_TASK:_
Leaving out the pictures, retype the lines from the top of the listing through the line with "据湘潭大学官网消息,4月7日" exactly.

** Opening MATERIALS PROVIDED block **

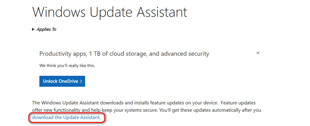 في بعض الأحيان، يفتقر إصدار Windows الحالي إلى مكونات التحديث المطلوبة أو يحتوي على ملفات قديمة يمكن أن تؤدي إلى ظهور هذا الخطأ. يؤدي تشغيل Windows Update Assistant إلى تحديث نظامك إلى أحدث إصدار، واستبدال الملفات التالفة أو المفقودة، وتحديث مكونات .NET التي يعتمد عليها Office. يخلق هذا بيئة أكثر سلاسة لعملية التثبيت.
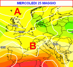Volgendo lo sguardo a prua e arrivando alla giornata di mercoledì 25 maggio (terza mappa), si nota una situazione meteo ancora non ottimale sulle regioni centro-settentrionali italiane.
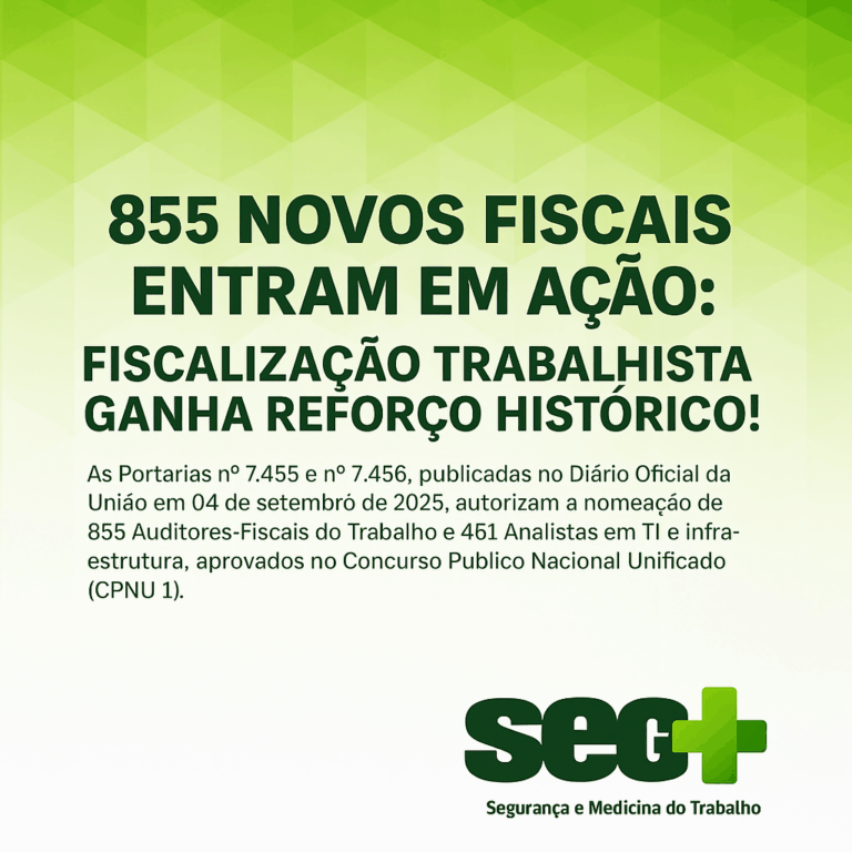 No dia 04 de setembro de 2025, foram publicadas no Diário Oficial da União as Portarias nº 7.455 e nº 7.456, que autorizam a nomeação de 855 Auditores-Fiscais do Trabalho
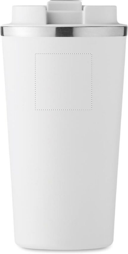 Double wall stainless steel tumbler with PP lid. Capacity: 510 ml. Leak free.
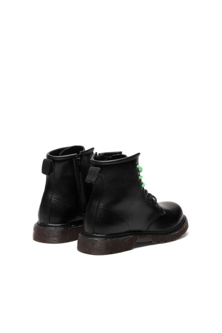 Lederstiefel Mit Seitlichem Reißverschluss Und Schnürverschluss. Die Schuhe Werden Mit Zwei Paar Schnürsenkeln Geliefert: Eines In Schwarz, Das Andere In Neongrün Für Einen Hauch Von Farbe.
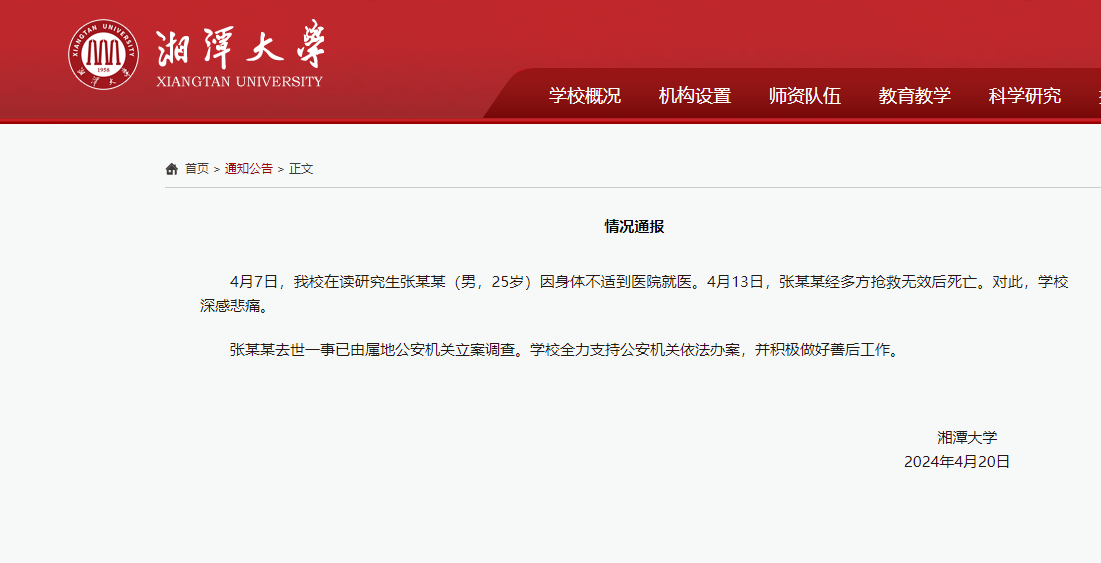 据湘潭大学官网消息,4月7日,我校在读研究生张某某(男,25岁)因身体不适到医院就医。4月13日,张某某经多方抢救无效后死亡。对此,学校深感悲痛。
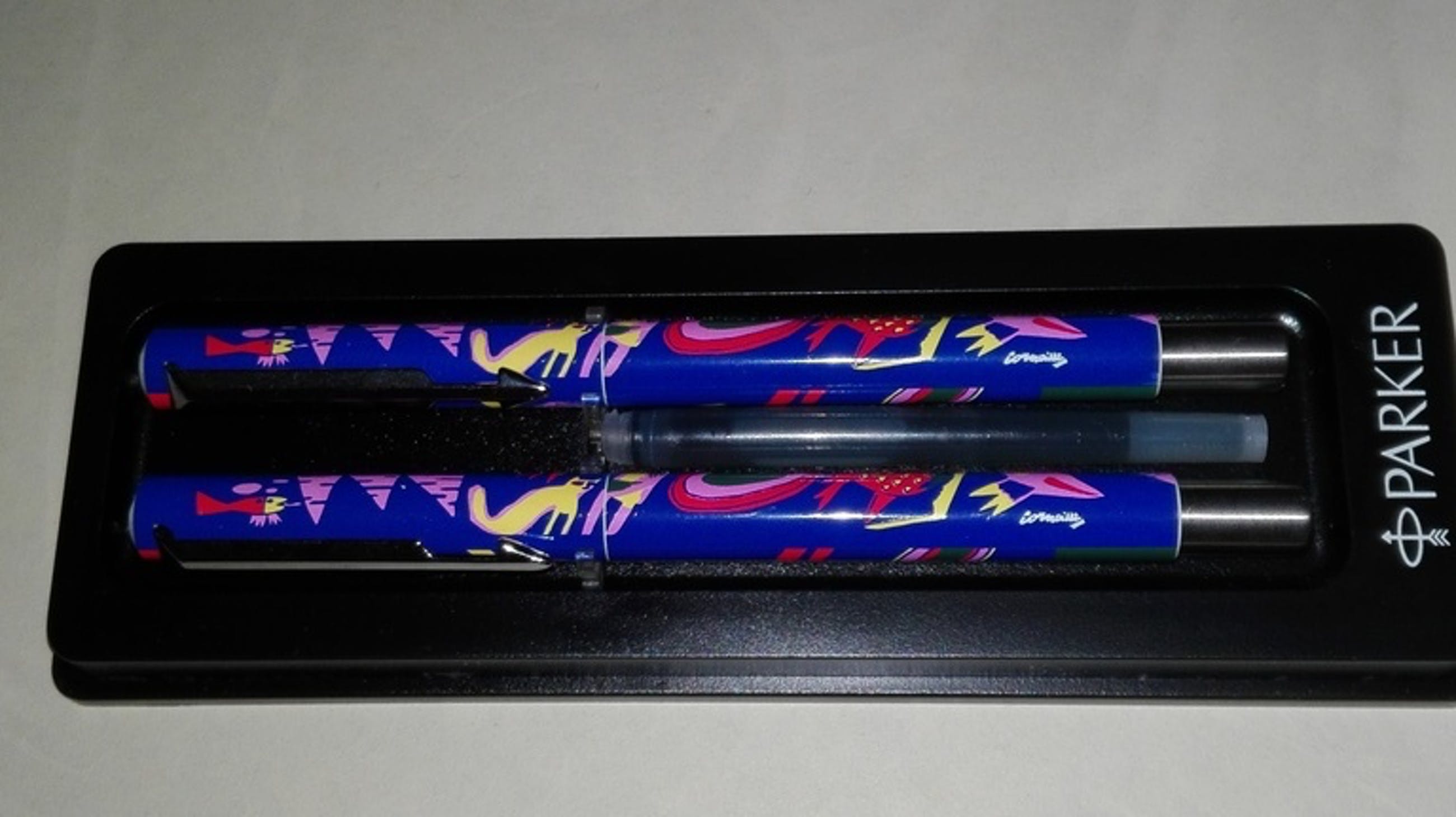 In de 70-er jaren was de rollerball een cadeautje bij het openen van een spaarrekening van de ABN-AMRO. Deze set is, in beperkte oplage, additioneel gemaakt voor goede klanten. De afbeelding in door middel van zeefdruk aangebracht op de pennen en de afbeelding sluit naadloos aan van barrel naar de cap. Beide zijn in nieuwstaat; nooit gebruikt. Verzending middels Track & Trace.
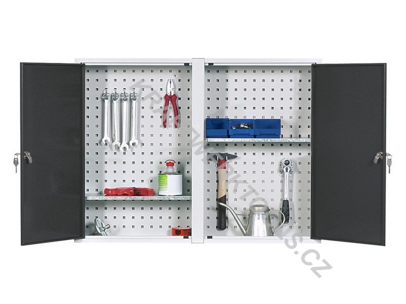 Dílenská skříň horní 2 dveře, 1 police, zamykatelná 680x300x680mm MOBILIO BLACK dílenský nábytek

** Closing MATERIALS PROVIDED block **

_EXERCISE SOLUTION:_
 في بعض الأحيان، يفتقر إصدار Windows الحالي إلى مكونات التحديث المطلوبة أو يحتوي على ملفات قديمة يمكن أن تؤدي إلى ظهور هذا الخطأ. يؤدي تشغيل Windows Update Assistant إلى تحديث نظامك إلى أحدث إصدار، واستبدال الملفات التالفة أو المفقودة، وتحديث مكونات .NET التي يعتمد عليها Office. يخلق هذا بيئة أكثر سلاسة لعملية التثبيت.
Volgendo lo sguardo a prua e arrivando alla giornata di mercoledì 25 maggio (terza mappa), si nota una situazione meteo ancora non ottimale sulle regioni centro-settentrionali italiane.
 No dia 04 de setembro de 2025, foram publicadas no Diário Oficial da União as Portarias nº 7.455 e nº 7.456, que autorizam a nomeação de 855 Auditores-Fiscais do Trabalho
 Double wall stainless steel tumbler with PP lid. Capacity: 510 ml. Leak free.
 Lederstiefel Mit Seitlichem Reißverschluss Und Schnürverschluss. Die Schuhe Werden Mit Zwei Paar Schnürsenkeln Geliefert: Eines In Schwarz, Das Andere In Neongrün Für Einen Hauch Von Farbe.
 据湘潭大学官网消息,4月7日,我校在读研究生张某某(男,25岁)因身体不适到医院就医。4月13日,张某某经多方抢救无效后死亡。对此,学校深感悲痛。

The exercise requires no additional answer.